Anti-PD-1 checkpoint blockade therapy has demonstrated an unprecedented anti-tumor response rate in advanced cancers, including melanoma8,9, and reduced immune-related adverse side effects compared to ipilimumab48. However, more than half of such patients do not show a durable response to immunotherapy10. Recent studies have shown that melanoma intrinsic PD-1 is one of the critical intrinsic tumor-promoting regulators in melanoma, even in mice lacking adaptive immunity35. However, it has been unclear how PD-1 expression is regulated in melanoma cells. We found that PD-1 expression is positively regulated by FTO and m6A mRNA methylation. m6A modification of the melanoma cell-intrinsic PD-1 (PDCD1) gene leads to increased mRNA decay via YTHDF2. PD-1 (PDCD1) expression is induced via the autophagy/NF-κB/FTO axis by metabolic stress and starvation, suggesting the FTO/PD-1 axis as a critical component of metabolic stress adaptation. Furthermore, FTO knockdown sensitized melanoma to anti-PD-1 blockade (Fig. 8a). Therefore, inhibiting the FTO pathway in melanoma may provide a new opportunity to reduce resistance to anti-PD-1 immunotherapy.

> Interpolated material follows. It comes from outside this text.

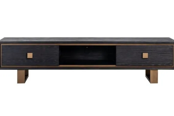 Tv-meubel Hunter 210477 van het merk Richmond Interiors is een kast die een en al moderne luxe uitstraalt! De kast is namelijk gemaakt van zwart gebeitst eiken met details van roestvrij staal die een antiek gouden kleur hebben. De kast heeft twee grote lades en een open vak, genoeg ruimte om al je spullen op te bergen! Het meubel is eenvoudig te onderhouden, als er een vlek op komt kan je deze eenvoudig wegdeppen met keukenpapier of een doek met wat water.

Functional intrinsic IFNγ signaling machinery is not only critical for promoting anti-tumor immunity49, but also required for the therapeutic response to immune checkpoint blockade11. Consistently we found that IFNγ downregulates FTO in melanoma cells, and FTO mediates resistance to melanoma cell killing by IFNγ through its m6A demethylase activity and downstream targets PD-1 (PDCD-1), CXCR4, and SOX10. FTO overexpression inhibits, while FTO knockdown promotes, IFNγ-induced cell death. It is possible that, at least in part, IFNγ exerts its cytotoxic effect by inhibiting FTO in melanoma cells. Indeed, anti-IFNγ antibody increased melanoma tumor growth in both control and FTO-knockdown cells in mice. Although FTO knockdown inhibits melanoma tumor growth in both immunocompromised and immunocompetent hosts (Figs. 2f, 8a, b), the response of FTO knockdown cells to anti-PD-1 requires host adaptive immunity (Fig. 8a, b). It appears that the melanoma intrinsic FTO pathway is not only critical for melanoma malignant traits and tumorigenicity in immunocompromised hosts, but also crucial for promoting resistance to IFNγ-induced killing in vitro and anti-PD-1 blockade in immunocompetent hosts in vivo. Although FTO knockdown in B16F10 increased the number of CD4+ TILs, it did not affect the number of IFNγ-producing CD4+ or CD8+ TILs (Fig. 8c, d). It is possible that the intrinsic function of the FTO pathway in IFNγ resistance mediated, at least in part, the effect of FTO knockdown in PD-1 blockade. Further studies are warranted to assess the full mechanism of immune regulation by PD-1 blockade with FTO inhibition in melanoma.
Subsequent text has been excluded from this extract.